The End of Peace

Democracy Examined

Ukraine War

In the span of six months, the US formally admitted defeat to a band of medieval extremists, then allowed a Russian dictator to invade Europe. Both were met with uneasiness, but a nagging sense that there was very little the US could do to fundamentally change the situation. 

To an American in 1991, this United States would be difficult to recognize. Then, we were the world leader, fresh off of victories in the Cold War and an exceptionally quick and successful war in the Persian Gulf. After decades of wrangling, the USSR was defeated and the Middle East could be molded into stability. 

Now, the United States is a reluctant power; it remains economically and militarily mighty, but it’s lost its confidence. We are skeptical of our own potential to do good, and doubtful of our ability to determine world history.

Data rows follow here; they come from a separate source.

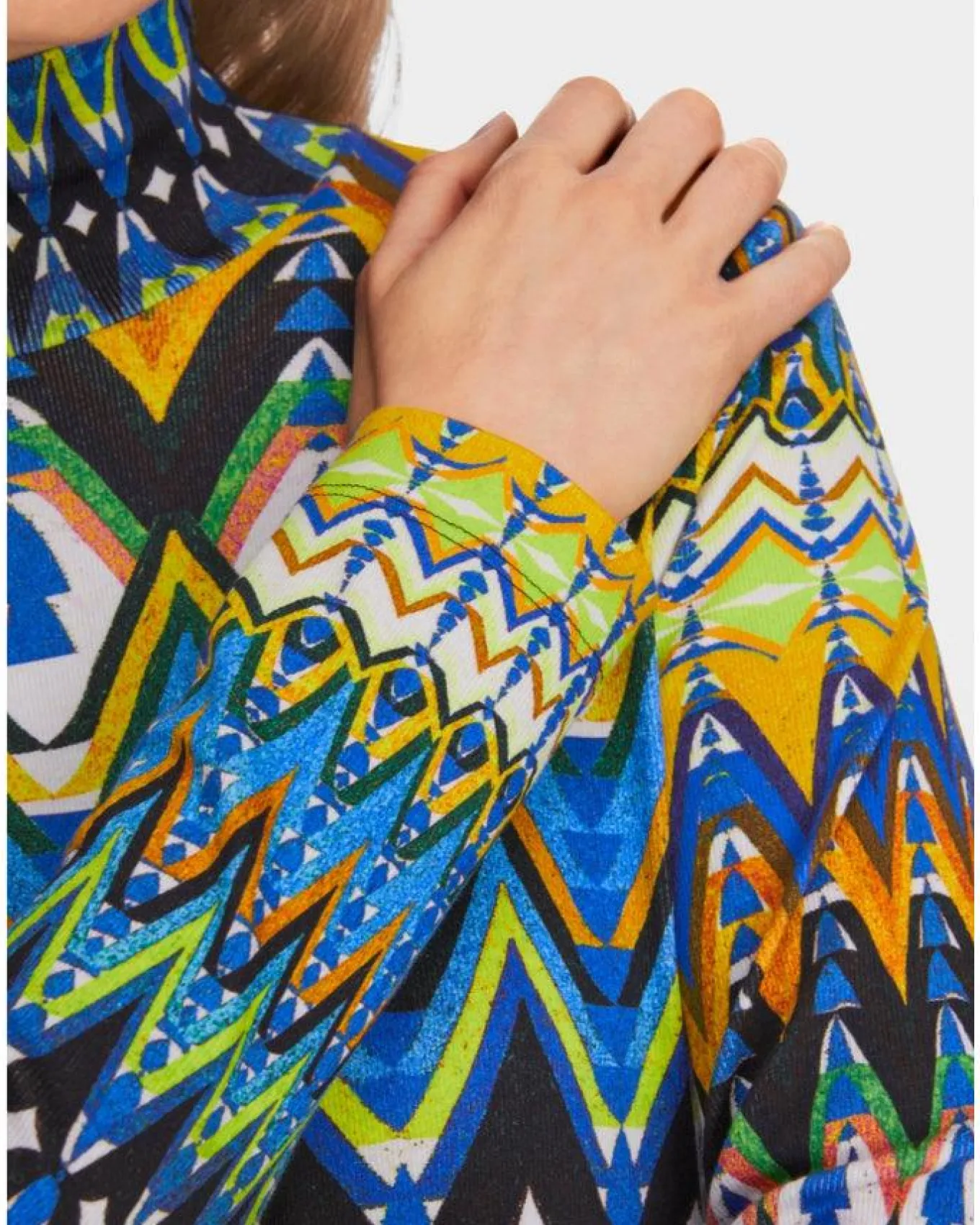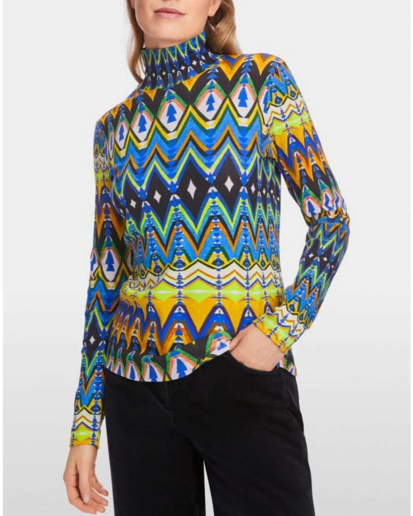 Marc Cain fitted ribbed cotton long sleeve turtleneck tee with an all over colorful print.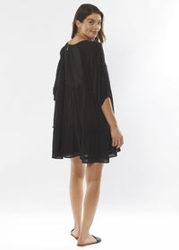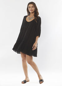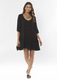 Endless Vacation is a button front peasant dress with tonal embroidery at the neck and hem.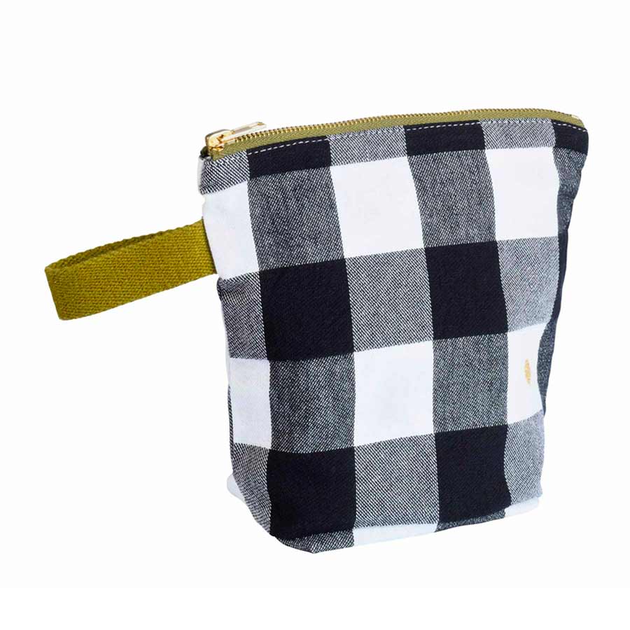 Sa fermeture éclair dorée et sa anse en coton offrent une belle finition soignée. La signature de la marque : un pois doré brodé qui apporte un petit clin d'oeil graphique sympa.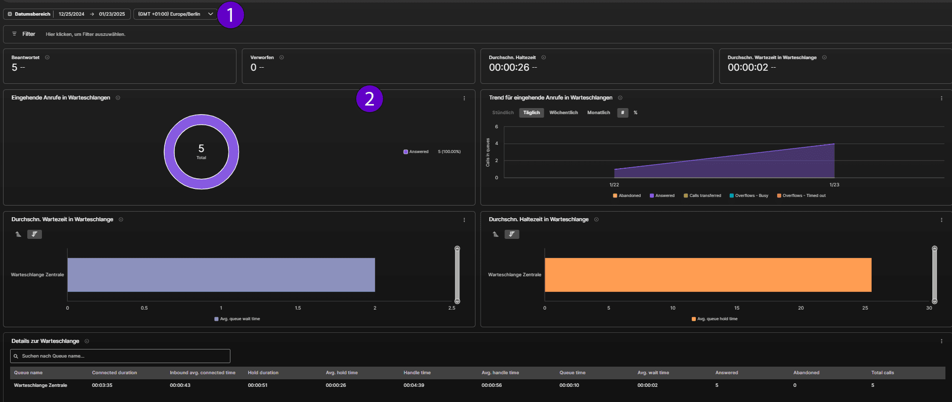- 1 Live-Graph - Dieser Graph zeigt Ihnen im Live-Bild das Anrufvolumen der Warteschlange(n) an.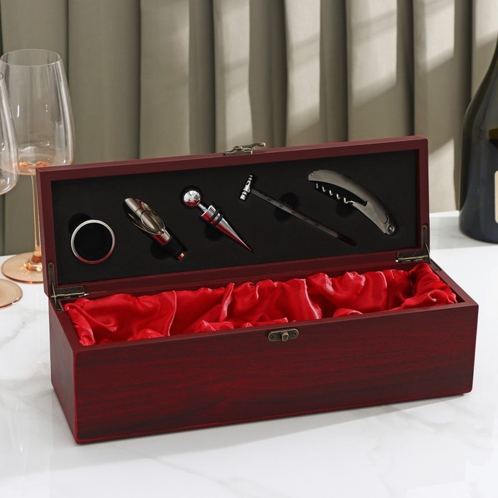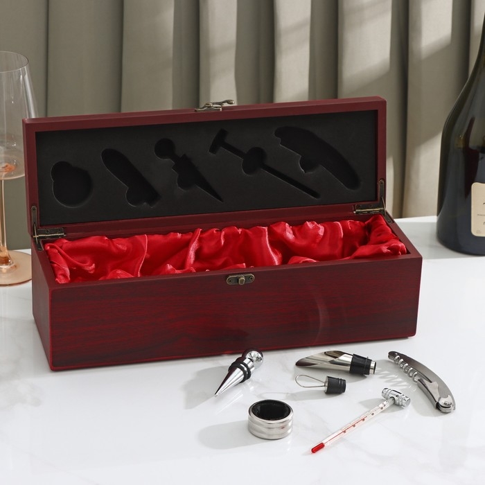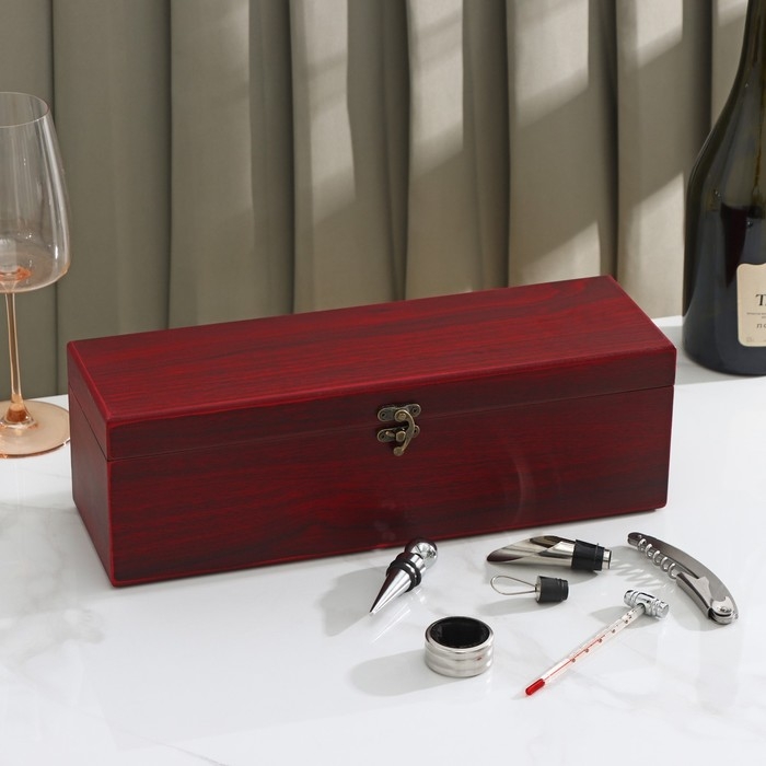 Набор для вина Доляна «Ла-Манш», 6 предметов: кейс для бутылки, каплеуловитель, кольцо, штопор, термометр, пробка

Nothing in world affairs stays the same for long, and changing economic conditions, social values, and geopolitical realities have forced the US into an unfamiliar position. But this drift has caused something more important—a psychological revolution in what it means to be American and what we believe our country is capable of. The world order is shifting under our feet, and we’re helping it along.

From Hegemon to Reluctant Power

When the 21st century began, the US was undoubtedly the most powerful country in the world overseeing what promised to be a durable peace. Then came September 11th. Al Qaeda was to blame, the Taliban harbored them, and they threatened America.

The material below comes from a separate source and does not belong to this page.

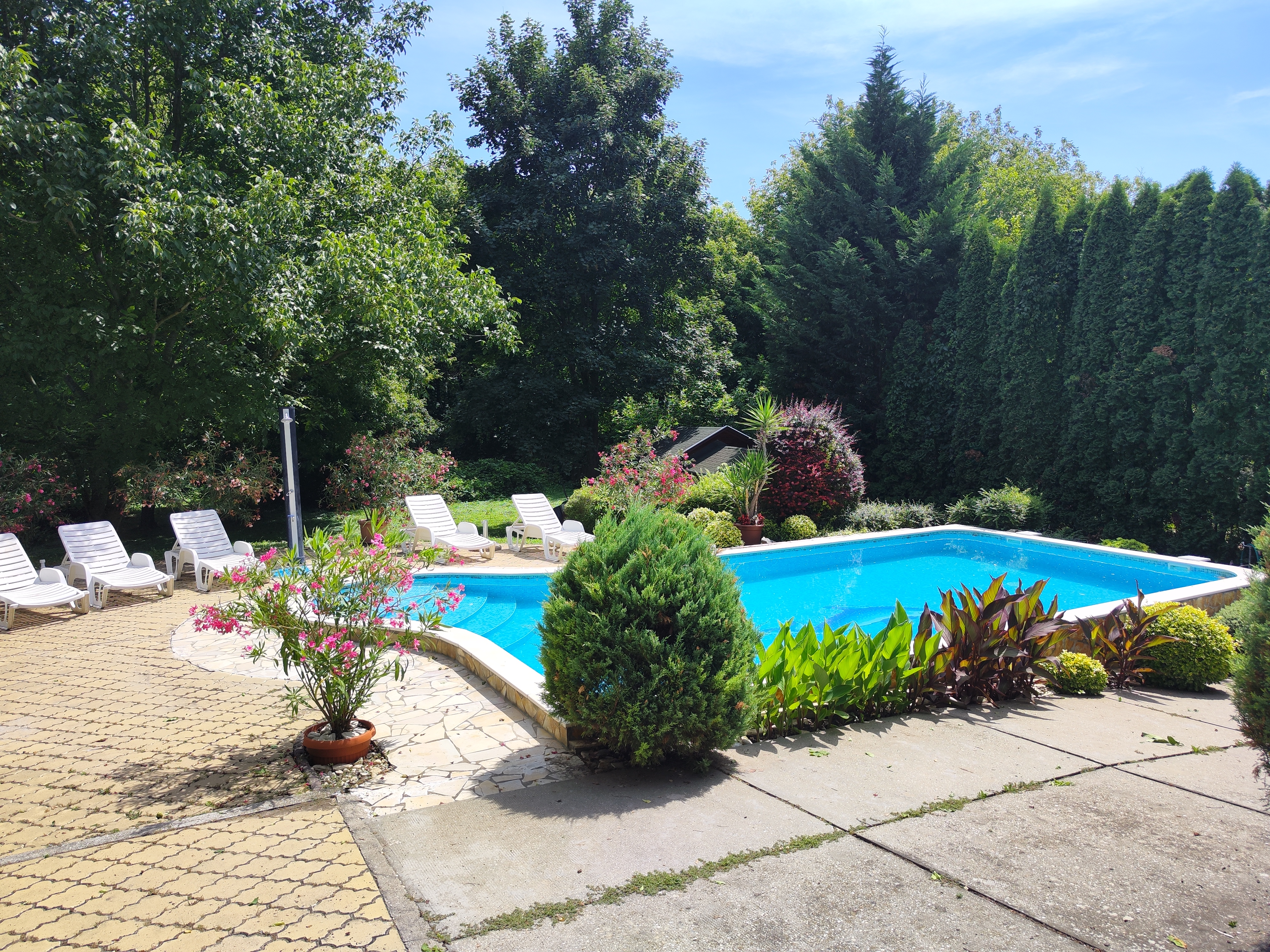 A vendégház gyönyörű környezetben, fákkal , virágokkal díszített udvarral várja vendégeit.

On September 14, 2001, President Bush stood atop the rubble of the World Trade Center with his arm around a first responder. He bellowed through a megaphone to the men and women digging corpses from the ruin that “the people who knocked these buildings down will hear all of us soon!” Cable networks played the video of the towers falling on an endless loop. Three weeks later we were bombing Afghanistan. Bush’s approval sat at 89 percent

A zealous and overconfident nation marched into two wars in the Middle East. “We’re going to stand up an interim Iraqi government, hand power over to them, and get out of there in three to four months,” an official explained. What happened instead was a loss of American innocence. 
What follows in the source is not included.